Eastern Washington’s Green but Not Gay

Those counties got on board with pot, but rejected gay marriage handily.

With Referendum 74 passed, there’s plenty of marriage-equality and civil-rights goodness to revel in. But R-74’s historic popular vote was still not very popular across the proverbial Cascade Curtain. Instead, pot-legalizing Initiative 502 was the one that crossed Washington’s east/west ideological divide. County maps tell the stark story of how pot beat love at the rural ballot box.

Currently sitting at 53 percent approval, Referendum 74 has secured a solid lead over its opposition. While every county contributed votes to that advantage, only eight of Washington’s 39 were able to deliver a majority. Predictably, these populous giants are all crowded around Puget Sound’s progressive waters. Skagit and Pierce would have completed the gay-friendly encirclement, but fell short of achieving an approval majority by one to three points. The rest of the state didn’t even come close to a green shade—with the exception of Whitman, which as of Tuesday stands to narrowly reject R-74 by a 10-vote margin.

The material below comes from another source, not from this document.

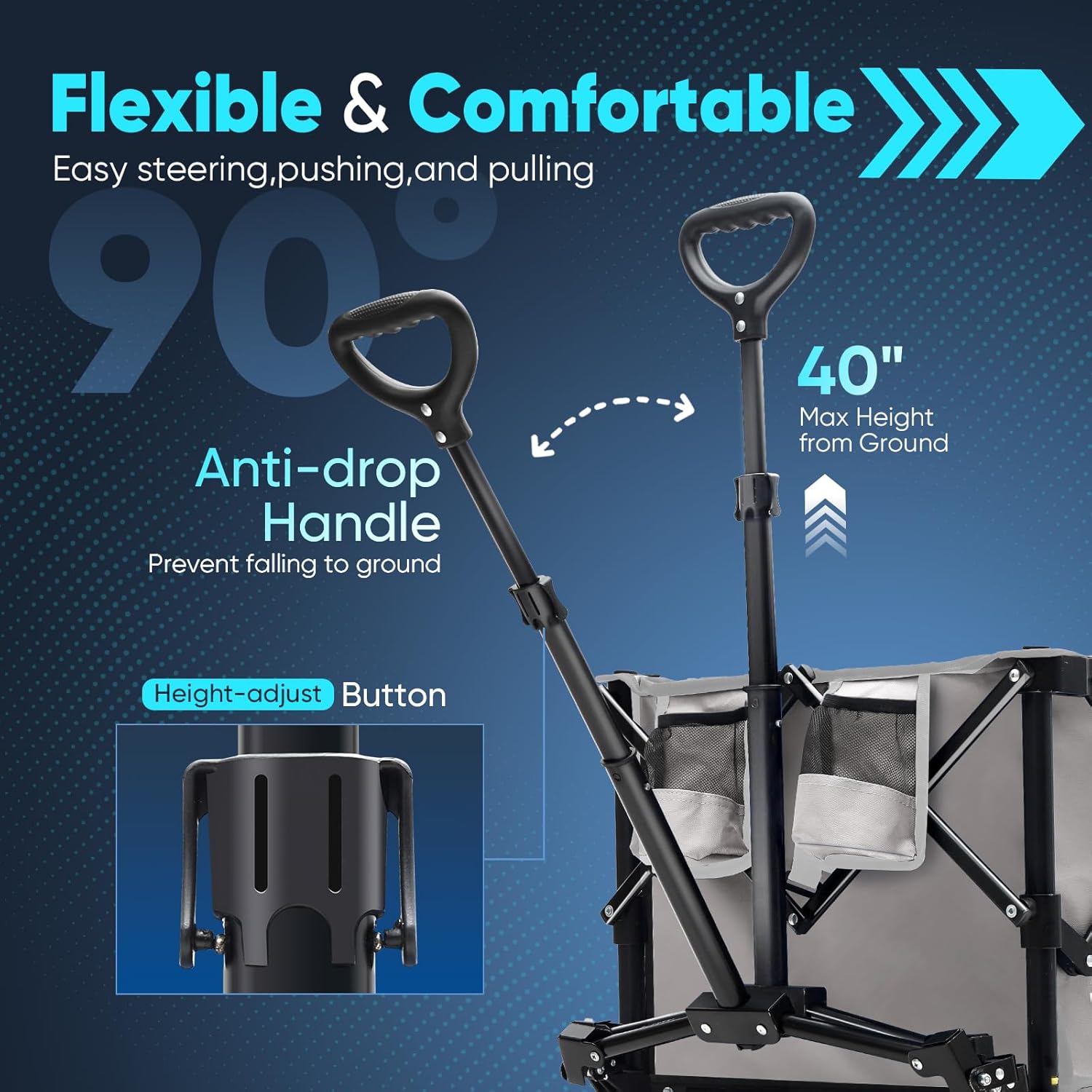 - 【𝐇𝐢𝐠𝐡𝐞𝐫, 𝐓𝐨𝐮𝐠𝐡𝐞𝐫】Equipped with 𝗯𝗶𝗴 𝗮𝗹𝗹-𝘁𝗲𝗿𝗿𝗮𝗶𝗻 𝘄𝗵𝗲𝗲𝗹𝘀, this wagon 𝘁𝘂𝗿𝗻𝘀 𝘀𝗺𝗼𝗼𝘁𝗵𝗹𝘆 over grass, sand, gravel, and more. Made from 𝟔𝟬𝟎𝐃 Oxford fabric, it's 𝘄𝗮𝘁𝗲𝗿𝗽𝗿𝗼𝗼𝗳, 𝘁𝗲𝗮𝗿-𝗿𝗲𝘀𝗶𝘀𝘁𝗮𝗻𝘁, and ready to handle sharp or heavy items without a scratch.

Now, those election results may not surprise most folks familiar with Washington voting geography, but I-502’s returns certainly will. The marijuana-legalization measure confounded all ideological assumptions by winning a majority in a whopping 20 counties all across the state, racking up 55.47 percent of the popular vote at press time. Clearly, voters on both sides of the mountains had grown weary of the drug war.

While the whole of Washington took a huge leap toward social progress on Election Day, individual counties tell a more complicated story. Unfortunately, that tale seems to welcome cannabis more than same-sex marriage.